The time to settle the compensation issue is now. The United States is renegotiating the level of Compact funding the Marshall Islands will receive over the next 20 years. In May, the U.S. government signed agreements to renew Compact funding to Palau and the Federated States of Micronesia. But negotiations with the Marshall Islands were stalled for more than a year, because the United States refused to discuss nuclear compensation, while Marshallese officials wouldn’t accept a deal without it. Now, with a deal potentially in reach, the 2023 Compact could spark the same resentment as the 2003 Compact if it doesn’t include nuclear compensation.
U.S. policymakers may believe that sticking with the 1986 settlement is a neutral position because it has been U.S. policy for decades. It is not neutral, and it comes with growing risks, as the stalled Compact negotiations show all too clearly. Information declassified over the last three decades has given even more weight to the Marshall Islands’ appeals for justice, and more information may come to light in the future that could impact the calculation of harms suffered both to date and in the ongoing legacy of nuclear testing. It should be noted that if the U.S. government pays full compensation, it wouldn’t be given to Marshallese officials to use as they please. The money would be given to the Nuclear Claims Tribunal, which would then pay compensation to claimants. There is a process for the United States to follow — the problem is political will.

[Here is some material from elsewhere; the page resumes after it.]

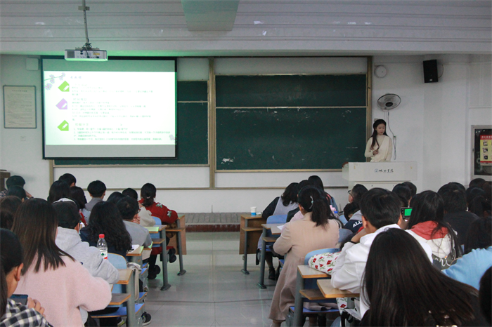 四位优秀毕业生代表依次开始发言,杨明月同学从为什么要考研、报考与择校、如何准备、学习模块四个方面为大家分享了自己在考研过程中的一些宝贵经验,同时表示追梦的路上很辛苦,但天道酬勤,一定会成功的!随后,查萍萍和王丹两位同学同样分享他们考研之旅中的经验,给大家推荐了一些好的学习工具和老师以及介绍了考研过程中的一些注意事项等等,积极为大家答疑解惑,现场气氛活跃。高温婷同学详细地为大家分享了一下自己在考研复试真实经历,幽默风趣的介绍,赢得了大家阵阵掌声,从复试落选、临近放弃,再到重拾信心、抓住机遇,最终取得成功。她表示考研不仅能够开拓你的眼界,扩大人脉,遇到更多的优秀人才,而且更重要的是能够让自己在各方面得到提升,使自己变得更加优秀,并鼓励大家积极考研。最后,张光健老师总结了四位优秀毕业生代表的发言,合理安排时间,做好职业生涯规划,学好基础课程,希望大家积极备考。

The United States should initiate negotiations with the Marshall Islands to reach a new settlement for nuclear compensation. The two sides should reach an agreement that is viewed as fair by both parties, based on the latest data and on acknowledgement that new information may arise. The settlement should exceed the figure previously sought by the tribunal, because it should also address U.S. policies that were later declassified, including the burial of nuclear waste from Nevada, the knowing endangerment of the people of Rongelap, Project 4.1, and more. In addition, the United States should build an oncology center in the Marshall Islands, which currently has none (Marshallese have to seek treatment in Asia or Hawaii). When a deal is reached, the White House should make a full and unreserved apology for nuclear testing and all of the wrongs associated with it.
Finally, the U.S. government should consider what it has to gain, not what it has to lose. Paying full compensation to the Marshall Islands would strengthen Washington’s relationship with this key partner as it becomes increasingly important to U.S. defense planning, and would neutralize China’s main rhetorical weapon to undermine U.S. influence there. Paying full compensation would give the United States a higher standing in the Pacific region and the world. Paying full compensation — finally addressing the nuclear injustice after decades of inaction — is the right thing to do.
(Editor’s note: In the seventh paragraph, the amount requested by the Marshall Islands Nuclear Claims Tribunal, in today’s dollar, has been corrected to about $3.4 billion.)